Caroline would give me that smile, whisper, ‘Five minutes,’ then she’d disappear into the trees that lined the gorge. And in five minutes I’d follow, heart beating hard, the heat spreading through my groin as I anticipated seeing her lying naked across the grass, or sitting on a boulder, her bare buttocks pressed against rough stone. Waiting for me, knowing my passion, sheer naked lust, call it what you want, had built to nothing less than a volcanic intensity in the time I’d been away.
The weeks flowed steadily by and this was the pattern we’d fallen into. Stephen worked day and night. It had become a holy quest for him, to make sure we survived. He organized food dumps—usually holes dug into the moor and carefully covered with heather and marked by stones. He wanted to be sure that if we were found by the armed gangs and raided we’d have instant access to fresh supplies of canned foods. He personally hunted out new camp sites, in case discovery of our camp by other survivors necessitated a move.

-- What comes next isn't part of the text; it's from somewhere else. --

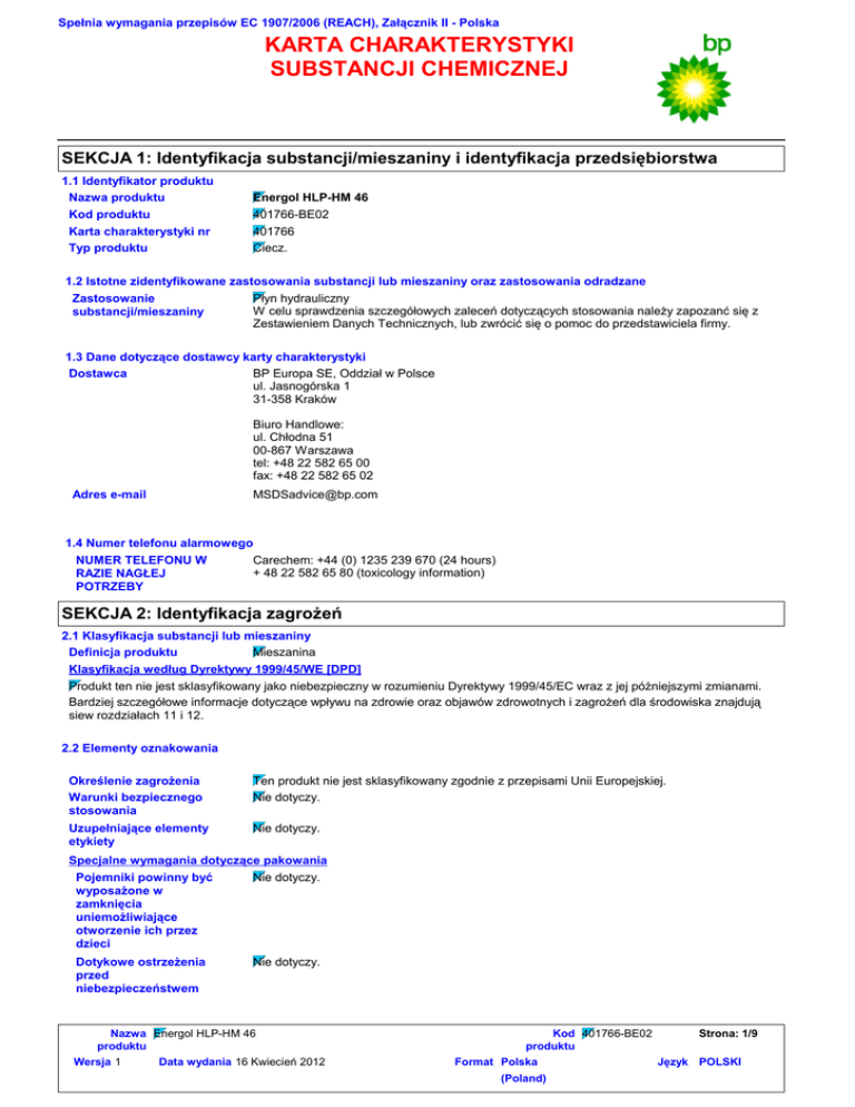 Spełnia wymagania przepisów EC 1907/2006 (REACH), Załącznik II - Polska KARTA CHARAKTERYSTYKI SUBSTANCJI CHEMICZNEJ SEKCJA 1: Identyfikacja substancji/mieszaniny i identyfikacja przedsiębiorstwa 1.1 Identyfikator produktu Nazwa produktu Kod produktu Karta charakterystyki nr Typ produktu Energol HLP-HM 46 401766-BE02 401766 Ciecz. 1.2 Istotne zidentyfikowane zastosowania substancji lub mieszaniny oraz zastosowania odradzane Zastosowanie Płyn hydrauliczny W celu sprawdzenia szczegółowych zaleceń dotyczących stosowania należy zapozanć się z substancji/mieszaniny Zestawieniem Danych Technicznych, lub zwrócić się o pomoc do przedstawiciela firmy. 1.3 Dane dotyczące dostawcy karty charakterystyki Dostawca BP Europa SE, Oddział w Polsce ul. Jasnogórska 1 31-358 Kraków Biuro Handlowe: ul. Chłodna 51 00-867 Warszawa tel: +48 22 582 65 00 fax: +48 22 582 65 02 Adres e-mail [email protected] 1.4 Numer telefonu alarmowego NUMER TELEFONU W Carechem: +44 (0) 1235 239 670 (24 hours) + 48 22 582 65 80 (toxicology information) RAZIE NAGŁEJ POTRZEBY SEKCJA 2: Identyfikacja zagrożeń 2.1 Klasyfikacja substancji lub mieszaniny Definicja produktu Mieszanina Klasyfikacja według Dyrektywy 1999/45/WE [DPD] Produkt ten nie jest sklasyfikowany jako niebezpieczny w rozumieniu Dyrektywy 1999/45/EC wraz z jej późniejszymi zmianami. Bardziej szczegółowe informacje dotyczące wpływu na zdrowie oraz objawów zdrowotnych i zagrożeń dla środowiska znajdują siew rozdziałach 11 i 12. 2.2 Elementy oznakowania Określenie zagrożenia Warunki bezpiecznego stosowania Ten produkt nie jest sklasyfikowany zgodnie z przepisami Unii Europejskiej. Nie dotyczy. Uzupełniające elementy etykiety Nie dotyczy. Specjalne wymagania dotyczące pakowania Pojemniki powinny być Nie dotyczy. wyposażone w zamknięcia uniemożliwiające otworzenie ich przez dzieci Dotykowe ostrzeżenia przed niebezpieczeństwem Nie dotyczy. Nazwa Energol HLP-HM 46 produktu Wersja 1 Data wydania 16 Kwiecień 2012 Kod 401766-BE02 produktu Format Polska (Poland) Strona: 1/9 Język POLSKI Spełnia wymagania przepisów EC 1907/2006 (REACH), Załącznik II - Polska SEKCJA 2: Identyfikacja zagrożeń 2.3 Inne zagrożenia Inne zagrożenia nie odzwierciedlone w klasyfikacji Działa odtłuszczająco na skórę. Uwaga: wysokie ciśnienie. Injekcja podskórna, spowodowana kontaktem z produktem pod wysokim ciśnieniem, wymaga natychmiastowej pomocy medycznej. Patrz "Informacje dla lekarza" w punkcie Środki pierwszej pomocy, rozdział 4 niniejszej Karty Bezpieczeństwa Produktu. SEKCJA 3: Skład/informacja o składnikach Substancja/Preparat Mieszanina Wysoko rafinowany olej bazowy (IP 346, ekstrakt DMSO poniżej 3%) cechy produktu. Prawnie zastrzeżony dodatkowy składnik wpływający na Klasyfikacja Nazwa produktu/składnika 2,6-di-t-butylofenol Identyfikatory WE: 204-884-0 CAS: 128-39-2 % <0.25 67/548/EWG Xi; R38 N; R50/53 Rozporządzenie (WE) Nr 1272/2008 [CLP] Typ Skin Irrit. 2, H315 Aquatic Acute 1, H400 Aquatic Chronic 1, H410 [1] Patrz Sekcja 16 - pełny tekst zadeklarowanych wyżej Fraz-R. Typ [1] Substancja sklasyfikowana jako szkodliwa dla zdrowia lub środowiska [2] Substancja, dla której wyznaczono dopuszczalne stężenie w środowisku pracy [3] Substancja spełnia kryteria dla jej zaklasyfikowania jako PBT zgodnie z Rozporządzeniem (WE) Nr 1907/2006, Aneks XIII [4] Substancja spełnia kryteria dla jej zaklasyfikowania jako vPvB zgodnie z Rozporządzeniem (WE) Nr 1907/2006, Aneks XIII Najwyższe dopuszczalne stężenia, jeśli są dostępne, wymienione są wymienione w części 8. SEKCJA 4: Środki pierwszej pomocy 4.1 Opis środków pierwszej pomocy Kontakt z okiem W przypadku kontaktu, niezwłocznie przemywać oczy dużą ilością wody, przez co najmniej 15 minut. Powieki powinny być przytrzymane z daleka od gałek ocznych w celu zapewnienia dokładnego przemycia. Usunąć szkła kontaktowe jeżeli są. Zasięgnąć porady medycznej. Kontakt ze skórą Skórę należy myć dokładnie wodą z mydłem lub stosować sprawdzony środek do mycia skóry. Zdjąć skażoną odzież i buty. Uprać odzież przed ponownym użyciem. Wyczyścić dokładnie buty przed ponownym założeniem. W przypadku nasilenia podrażnenia, należy skorzystać z pomocy lekarskiej. Wdychanie Spożycie Ochrona osób udzielających pierwszej pomocy Jeżeli wdychano substancję, wyjść na świeże powietrze. Jeśli pojawią się objawy, należy skorzystać z pomocy lekarskiej. Nie wywoływać wymiotów, jeśli nie jest to zalecane przez personel medyczny. Jeśli pojawią się objawy, zasięgnąć porady lekarskiej. Nie należy podejmować żadnych działań, które stwarzałyby ryzyko dla kogokolwiek chyba, że jest się odpowiednio przeszkolonym. 4.2 Najważniejsze ostre i opóźnione objawy oraz skutki narażenia Bardziej szczegółowe informacje dotyczące wpływu na stan zdrowia oraz ewentualnych objawów można znaleźć w rozdziale 11. 4.3 Wskazania dotyczące wszelkiej natychmiastowej pomocy lekarskiej i szczególnego postępowania z poszkodowanym Informacje dla lekarza Leczenie powinno być objawowe i ukierunkowane na usuwanie wszelkich skutków. Uwaga: do zastosowań wysoko-ciśnieniowych Wstrzyknięcie pod skórę na skutek zetknięcia z produktem będącym pod wysokim ciśnieniem jest poważnym zagrożeniem dla stanu zdrowia. Obrażenia mogą wydawać się początkowo niegroźne, jednak w ciągu kilku godzin tkanki puchną, zmieniają kolor i stają się bardzo bolesne z rozległą martwicą podskórną. Należy niezwłocznie przeprowadzić rozpoznanie chirurgiczne. W celu minimalizacji utraty tkanki oraz ograniczenia trwałych uszkodzeń konieczne jest dokładne oczyszczenie rany oraz przyległych tkanek. Należy mieć na uwadze, że wysokie ciśnienie może wtłoczyć produkt na znaczne głębokości poprzez kolejne warstwy tkanek. Nazwa Energol HLP-HM 46 produktu Wersja 1 Data wydania 16 Kwiecień 2012 Kod 401766-BE02 produktu Format Polsk

We formed small hunting parties. These would venture out into the big bad world beyond Fountains Moor searching every abandoned house, barn and garden shed. They’d been picked over pretty thoroughly by then. If you found a can of tomatoes or a pack of dried dates amidst the smashed furniture you waved it above your head and whooped. The rest of the hunting party would slap you on the back as if you’d just scored the winning goal in the Cup Final.
By then we were making two-day trips. But soon we’d have to up them to three days as we pushed further and further out in search of food.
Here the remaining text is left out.